1 . 阅读下面的文字,完成小题。
材料一:
魏晋时,文学批评理论兴起,至南朝蔚为大观。《文心雕龙》与《文选》,作为这一时期文体研究的重要成果,对于“上书”之文体定位皆有较为明确的观念。
刘勰《文心雕龙》并未将“上书”立为一类文体。首先,刘勰认为“上书”古已有之,战国时期“言事于王”之文皆承古式而为“上书”,举范雎、李斯之文证之:“范雎之言事,李斯之止逐客,并烦情入机,动言中务,虽批逆鳞,而功成计合,此上书之善说也。”其次,刘勰认为“上书”在秦帝国建立后产生分化,臣僚辅政之“上书”成为“奏”,吏民上书与文士上书诸侯仍为“上书”,与“奏”并行不悖。

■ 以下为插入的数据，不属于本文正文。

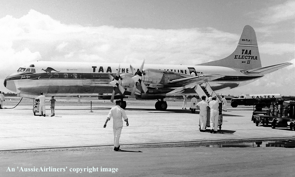 The order for two Lockheed Electras was placed by TAA - October 10, 1958 First flown - May 19, 1959 This was the first Electra delivered with the uplilted engine mounts incorporated during construction Entered onto the Australian Aircraft Register as VH-TLA - June 15, 1959 Registered to Australian National Airways Commission, Melbourne It arrived at Melbourne (Essendon) on completion of the delivery flight - June 24, 1959 Delivery route: San Francisco - Honolulu - Canton Island - Nadi - Melbourne Flight crew: Captains F. Fischer, J. Maloney, J. Hickey; Navigator H. Cast; Engineer A. Wright The aircraft performed a flypast with the newly arrived Viscount VH-TVQ and Friendship VH-TFA before landing The aircraft was named 'John Eyre' Operated its first revenue service Melbourne (Essendon) - Sydney (Kingsford Smith) as TN534 - July 08, 1959 Set a speed record between Melbourne - Brisbane of 129 minutes (Captain W. O. James) - February 15, 1960 Departed Melbourne (Essendon) for Burbank for wing and engine mount modification - January 25, 1961 Ferry route: Melbourne - Nadi - Canton Island - Honolulu - Burbank Flight crew: Captains R. B. Keig, I. A. F. Clarke, R. Lauchland; F/O D. W. R. Pummeroy; F/E R. C. Lane Entered the Lockheed (LEAP) Program as LEAP #71 TAA-1 - January 27, 1961 LEAP modification completed - February 23, 1961 Departed Burbank on the ferry flight to Melbourne (Essendon) - February 23, 1961 Flight crew: Captains V. C. Austen, M. I. Fitzgerald, T. R. Bennet; F/O K. J. Purnell; F/E F. C. Storer Set a speed record on Brisbane - Melbourne (Essendon) sector of 148 mins 30 seconds - March 13, 1961 Set a speed record on Melbourne - Sydney sector of 54 minutes (Captain G. J. White) - July 08, 1961 The aircraft was grounded by a Department of Civil Aviation order - July 24, 1964 This was the result of corrosion specks being found in the wing of TAA Electra VH-TLB These specks had been misidentified as being wing cracks This grounding order was lifted on the Australian Electra fleet - July 27, 1964 Operated its final revenue service Canberra - Sydney (Kingsford Smith) as TN406 - April 30, 1971 Ferried Sydney (Kingsford Smith) - Brisbane for storage (Captain Humphries) as TN2890 - April 30, 1971 The aircraft had flown 34,063 hours with 26,925 cycles Test flown at Brisbane (Captain S. Arnold, R. Hickey; F/E R. Verity) - September 15, 1971 Test flown at Brisbane before being ferried Brisbane - Melbourne direct in 2 hrs 35 mins - February 07, 1972 Flight crew: Captains S. Arnold, A. Hofman; F/E R. Verity Sold to Concare Aircraft Leasing - March 12, 1972 Entered onto the United States Aircraft Register as N188LA - March 1972 Test flown at Melbourne (Tullamarine) as VH-TLA / N188LA - March 26, 1972 Cancelled from the Australian Aircraft Register - April 05, 1972 Departed Melbourne (Tullamarine) on the ferry flight to the United States - April 12, 1972 Ferry route: Melbourne - Port Moresby - Wake Island - Hilo - Burbank Lease / purchased from Concare Aircraft Leasing by Transair Corp - 1972 Leased to Royal Air Lao - May 1972 Entered onto the Laotian Aircraft Register as XW-PKA - 1972 The aircraft was named 'Tiao Anou' It arrived at Vientiane on the ferry flight from Miami, Florida - July 18, 1972 Grounded and used as a source of parts to keep Electra XW-PKB airworthy - December 1973 Fearing seizure by the new Lao Government work commenced to return it to airworthy status - August 1974 Parts were sourced from XW-PKB which was in Hong Kong for overhaul Departed Vientiane for Seletar, Singapore for overhaul by Lockheed - September 20, 1974 Flight crew: Captains A. Ogle; F/O A. Adolph; F/E W. Dettori; Mechanic P. Dreith The aircraft arrived at Seletar after an exciting ferry flight - September 21, 1974 This aircraft did not fly again Sold to American Jet Industies along with Electra XW-PKB - 1975 Entered onto the United States Aircraft Register as N188LA - January 13, 1976 Registered to American Jet Industries Inc Scrapped at Seletar, Singapore - 1976 Cancelled from the United States Aircraft Register as 'destroyed' - March 16, 1976 |
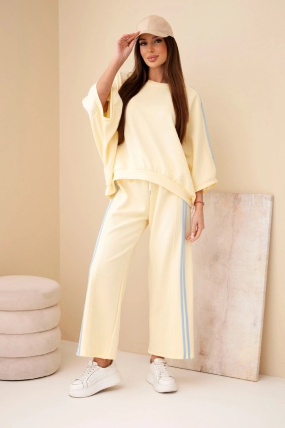 Komplet damski wiskozowy masełko z szeroką nogawką i luźną bluzą żółty
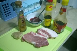 材料全家福,熊猫用的肉是五花肉和自制的叉烧酱,如果懒得自己做酱的朋友可以选择李锦记叉烧酱,这个牌子很坚挺,味道很正宗
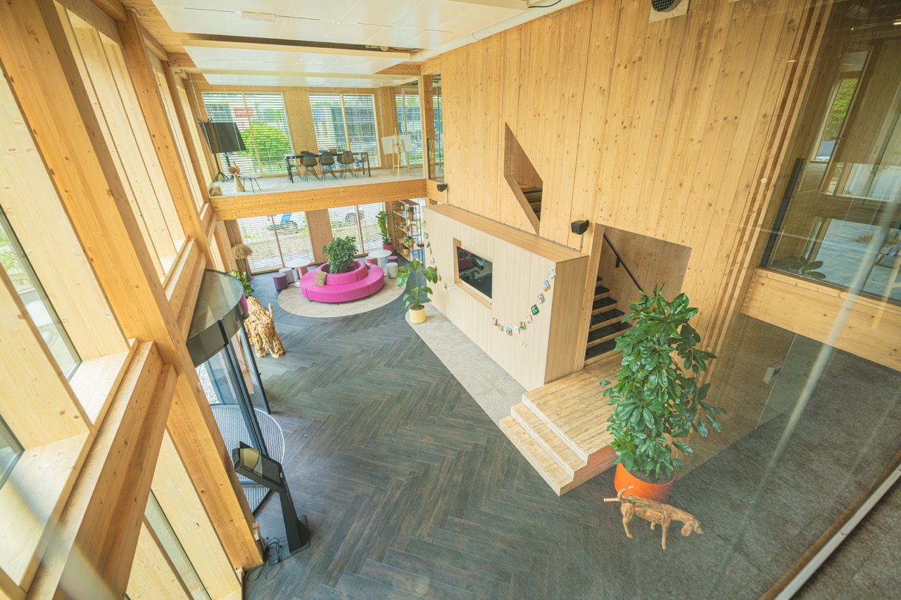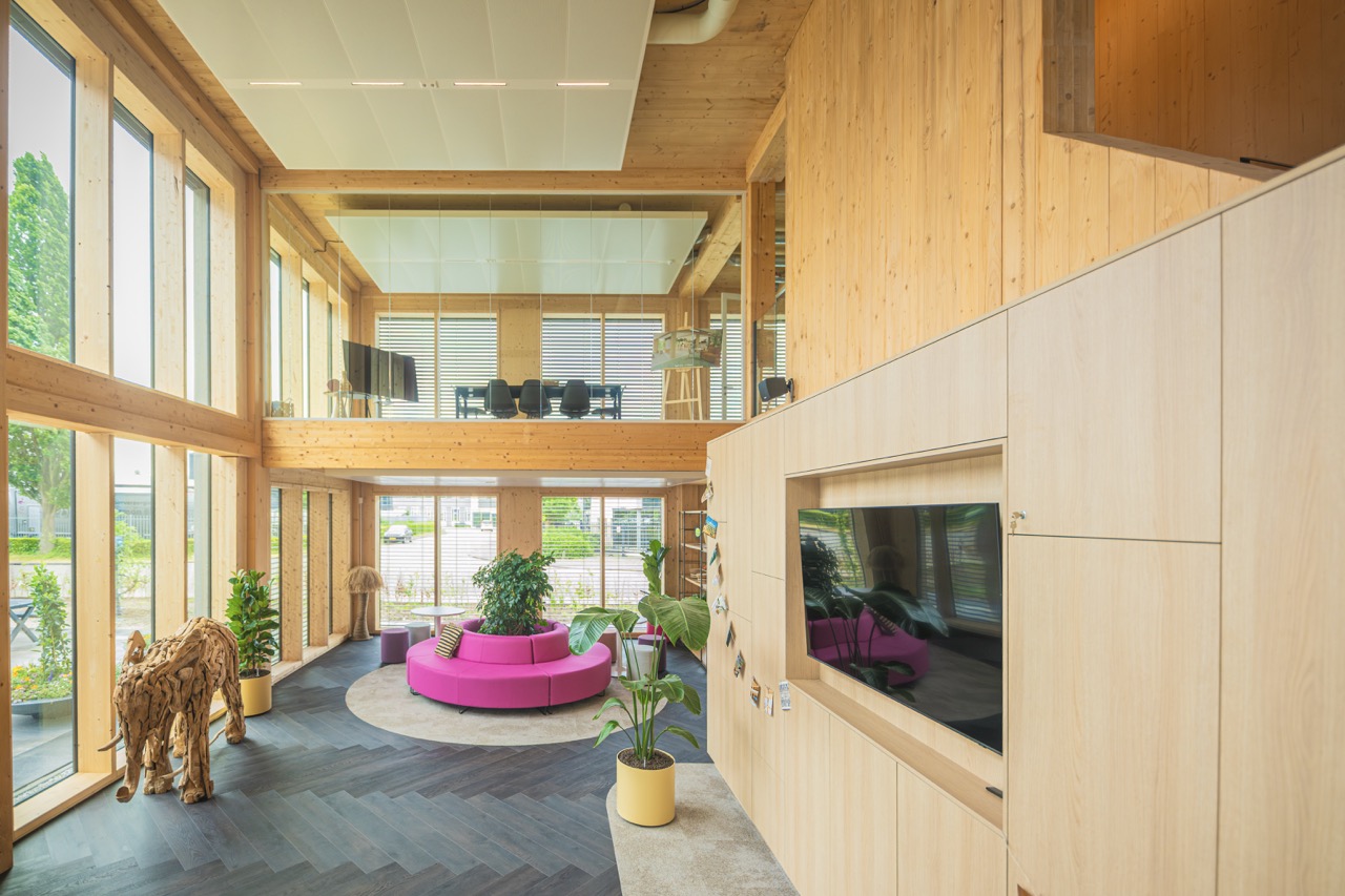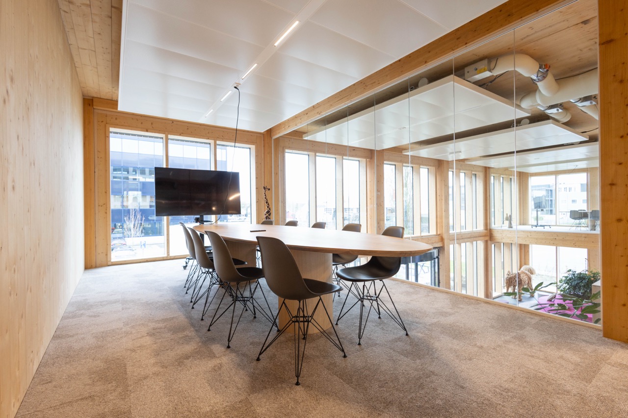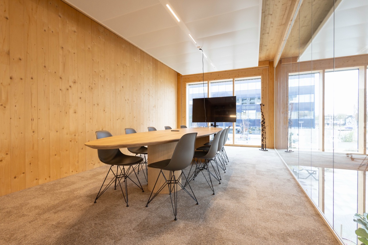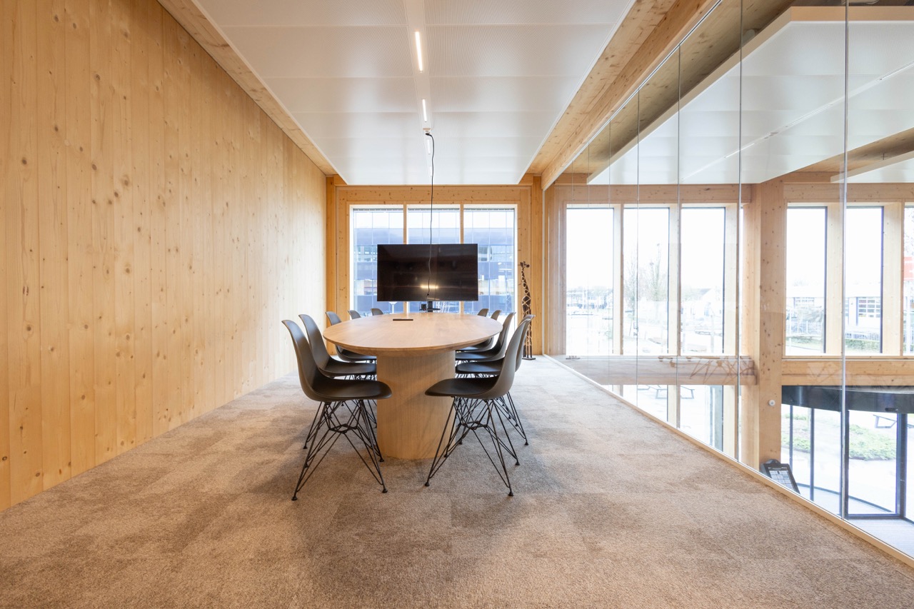 Deze vergaderruimte ligt op Campus Hambaken Timber, onze houten locatie in Den Bosch. Benieuwd naar de omgeving of bereikbaarheid? Bekijk dan ook de locatiepagina.
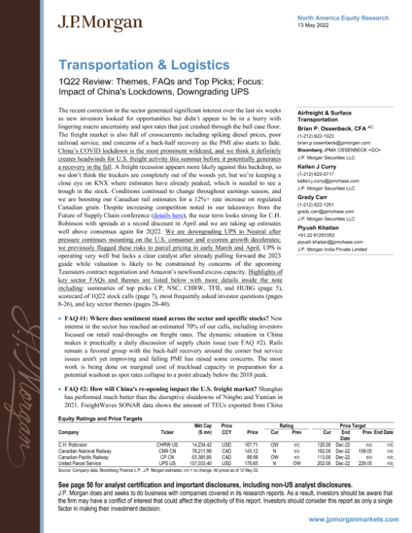 【J.P. Morgan】【20220513】J.P. 摩根-美股运输与物流行业-2022年第一季度回顾;聚焦中国封锁的影响,UPS降级-56页 行业研究
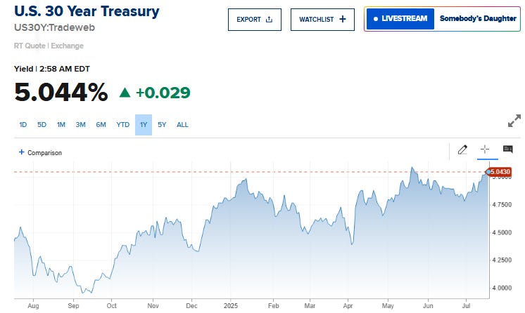 También el bono a 30 años superó momentáneamente el 5% de rendimiento.
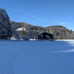 Dem Internet der Gemeinde Bernau entnehme ich, dass die Hintergschwendt-Loipe bei einer Schneehöhe von 30 cm gespurt ist. Es ist ein schöner Wintertag, also auf ins Winterwunderland am Fusse der Kampenwand. Die Loipe ist zwar nicht sehr lang, aber eine meiner Lieblingsloipen, weil man von Prien aus schnell dort ist und nie viel los ist.
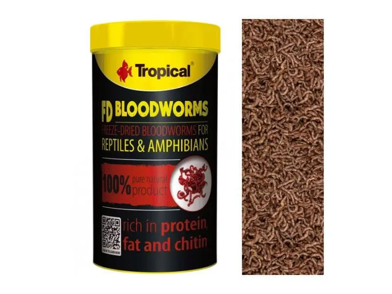 Tropical Blood Worms to pokarm oparty na świeżych larwach ochotki, które zachowują swoje naturalne wartości odżywcze. Stanowi doskonałe źródło łatwostrawnego białka, wspierającego zdrowy rozwój i kondycję zwierząt. Dzięki procesowi liofilizacji pokarm jest wolny od patogenów i w pełni bezpieczny dla gadów oraz ryb.
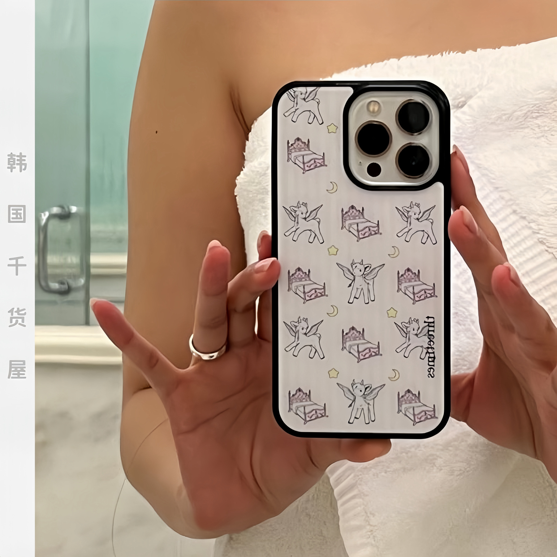 Threetimes韓国レトロ小衆可愛いユニコーンストライプ黒縁携帯ケースカバーカバーカバーカバー

在刘勰的观念中,“上书”是一个泛化的概念,不具备明确的文体规定性,不能设为独立的门类;“上书”古今皆有,可散入其他文体中分别讨论,战国时期之“上书”入“论说”,秦汉以后臣僚辅政之“上书”入“章表奏议”。
萧统《文选》立类三十九,“上书”独为一体。《文选》之文体分类往往被后世讥为“碎杂”,但这也正是其特点所在,即尊重历史现象罗列文类而不随意归并。《文选》将“上书”别立一体,系认为“上书”是一个既成事实且富于“沉思”“翰藻”的文体类型,不应被忽视;且“上书”与“表”“启”“牍”等其他文体有明显区别,不应被取代。考察《文选》“上书类”选文,邹阳、枚乘以及江淹的5篇文章皆属上书诸侯之作,李斯《上秦始皇书》作于秦王政十年(前237),其时秦王嬴政尚未称始皇帝,仍为诸侯王,亦属同类。但是,司马相如《上疏谏猎》(一作《上书谏猎》)乃劝谏武帝之作,属于上书君主,为何同入一类?
在《文选》选家看来,“上书”与“奏”有明确区别。表面看来,这是“文典”与否的差别,实际上系君臣名分之不同。“奏”作为臣下进御之作,行文讲求儒雅渊懿;“上书”作为文士献言诸侯,则飞扬翰藻,另是一种潇洒风神。《文选》将司马相如“谏猎”一文判入“上书”类,有意也好,误入也罢,在于此文虽是臣僚上疏,在文风上却非标准意义的“奏”,盖因作者之特殊身份(系御用文人而非朝中执宰)而使此文带有明显的“上书”体之风韵。因此,《文选》的“上书”观念亦明确,认为“上书”与“奏议”不同,别为一体,是战国时期文士言于诸侯之作以及此类文章在秦汉魏晋六朝的延续。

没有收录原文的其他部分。